Enrico Sbriccoli was born in Camerino, Marche. After graduating from high school, he moved to Rome to study Economics. In his spare time, Fontana taught himself bass and attended local jazz venues. Eventually, he dedicated himself completely to music and adopted the stage name Jimmy Fontana in homage to one of his heroes, American musician Jimmy Giuffre (the surname Fontana was arbitrarily chosen out of the phone book).

In the early 1950s, he started his own jazz band, Fontana and his Trio, with piano, bass and drums, and around that time he met Leda, who became his wife and with whom they had four children: Luigi, Roberto, Andrea, and Paola.

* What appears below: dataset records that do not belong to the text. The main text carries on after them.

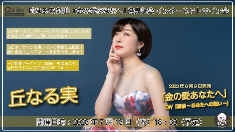 丘なる実 新曲『金の愛あなたへ』発売予約 インターネットサイン会【7月13日楽園堂YouTubeチャンネル】
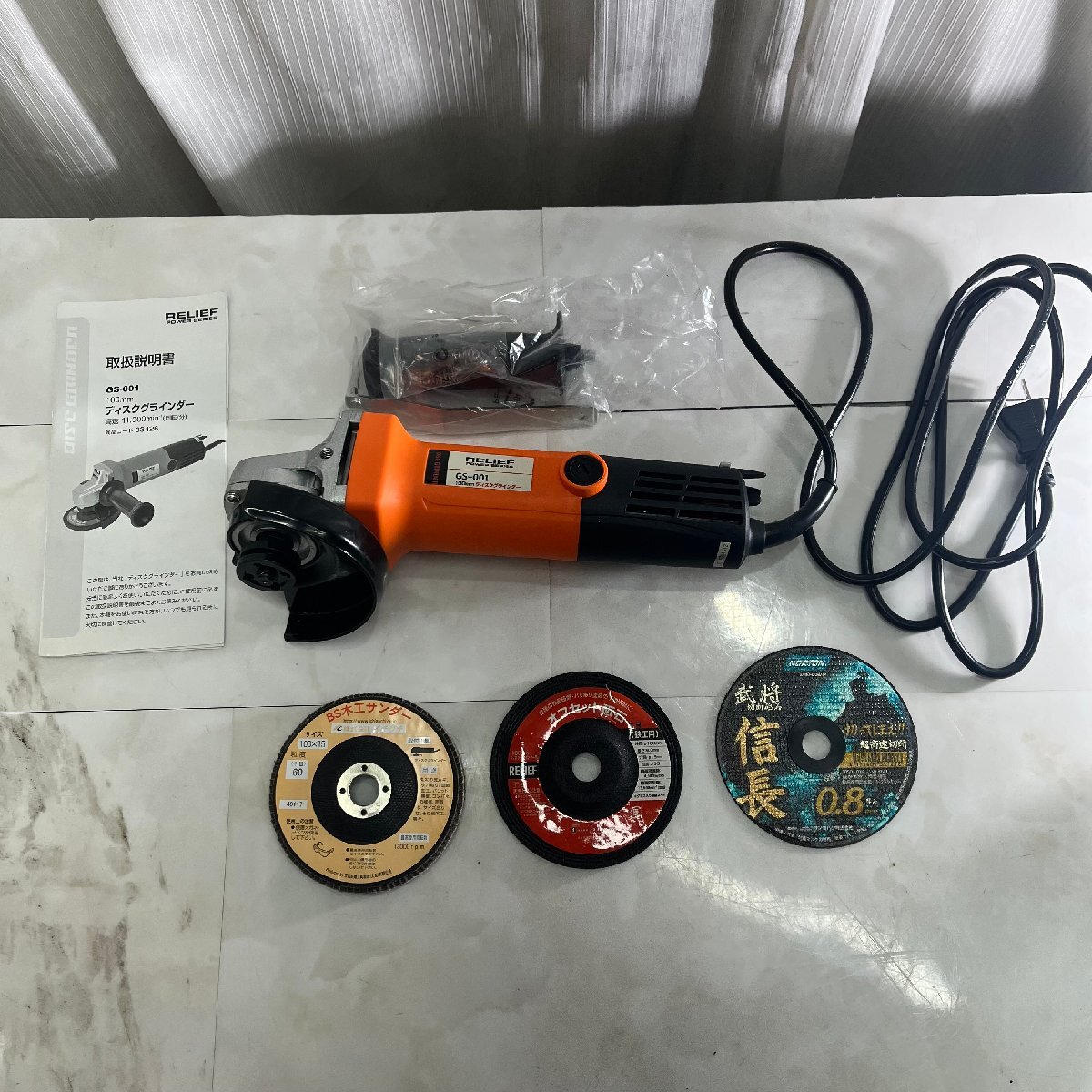 - =R= RELIEF リリーフ GS-001 グラインダ 100mm 100V 簡易動作確認済み カッター付属=B-250917
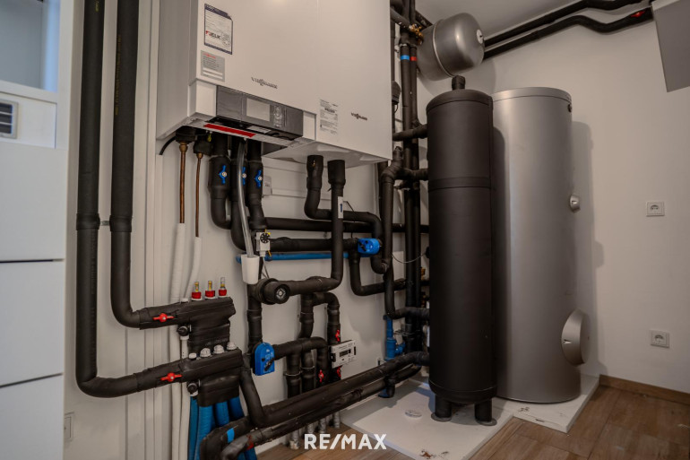 Die Luft-Wärmepumpe von Viessmann gewährleistet eine effiziente Beheizung und Warmwasserbereitung, unterstützt durch eine Fußbodenheizung, die für zusätzliche Behaglichkeit sorgt.
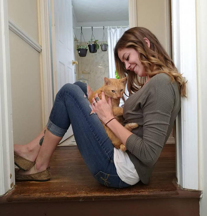 When Mindy drove to the man’s house, she was met by Cat who instantly started purring after seeing her
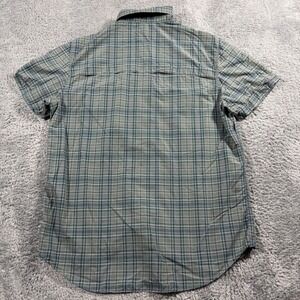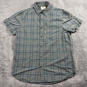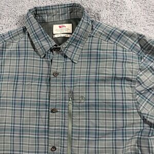 Fjallraven Abisko Hike Short Sleeve Button Up Shirt XL Regular Fit. This men's outdoor shirt features a classic plaid pattern in shades of green and navy. Designed for comfort and functionality, it includes a zippered chest pocket for secure storage and a breathable mesh back panel. A small Swedish flag detail adorns the hem. Perfect for hiking, camping, or casual everyday wear.
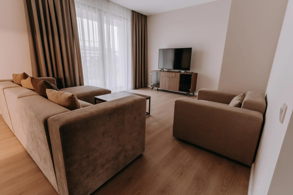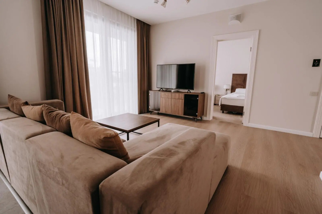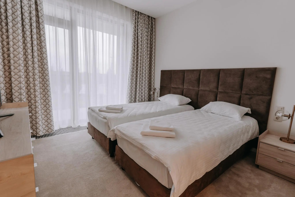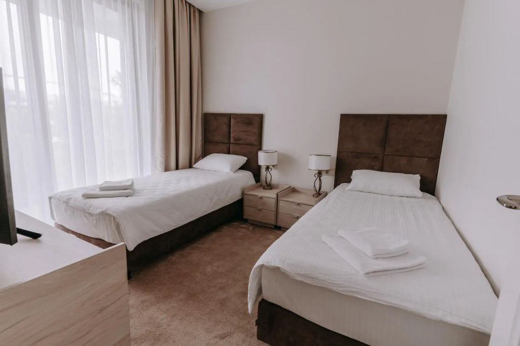 В апартаментах и номерах есть балконы, посуда и косметические принадлежности, техника и сплит-системы.
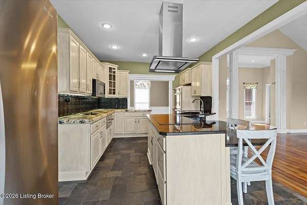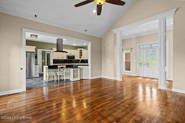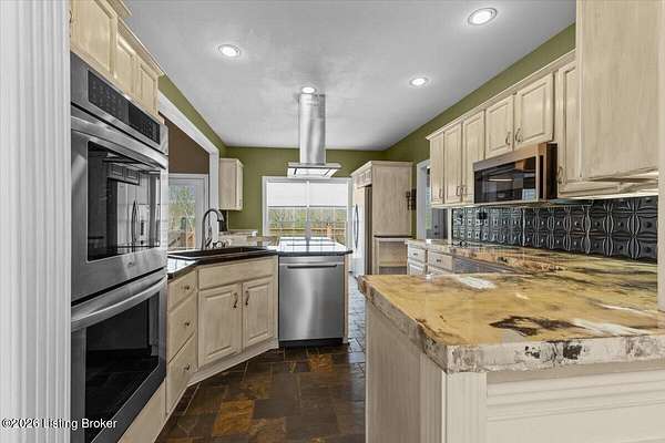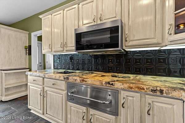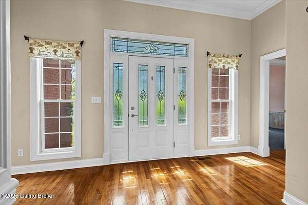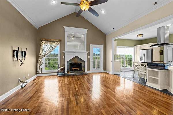 Tucked away on over 2.5 private acres, this beautifully maintained brick ranch offers the perfect blend of comfort, space, and serene country living. Step inside to find a thoughtfully designed main level featuring a spacious primary suite with a well-appointed en suite bath, providing a relaxing retreat at the end of the day. The heart of the home is a chef's kitchen, ideal for everyday living and entertaining. This space features a coffee bar area, double ovens, a warming drawer, pot racks, a convection microwave, and a five-burner cooktop. A spacious dining room is the perfect space to enjoy the fruits of your labor! The kitchen flows seamlessly into a warm, inviting great room with a beautiful fireplace and hardwood flooring. Two additional spacious bedrooms and a full bath on the main level offer flexibility for family or a home office. The laundry room rounds out the main level. The finished walkout basement expands your living space with a generous family room, an additional bedroom, and a full bath-perfect for guests or extended stays. Curl up for a movie on the large screen with a projector and sound system. Enjoy the outdoors from the large deck overlooking your private acreage, offering peaceful views and plenty of room to relax or entertain. This property combines privacy, functionality, and charm-don't miss your opportunity to make it yours!

At the end of the 1950s, he turned to light music and began his solo career. His first success was "Diavolo" ("Devil"), which won him third place in the Festival of Barcelona. With his song "Bevo" ("I Drink"), in 1960, he won the Burlamacco Gold, a music competition in Viareggio. His first participation in the Sanremo Music Festival came in 1961 with "Lady luna" ("Lady moon"), written by Armando Trovajoli and Dino Verde. His first single with RCA is "Non te ne andare" ("Don't go"), released in 1963 and written by Gianni Meccia and Lilli Greco.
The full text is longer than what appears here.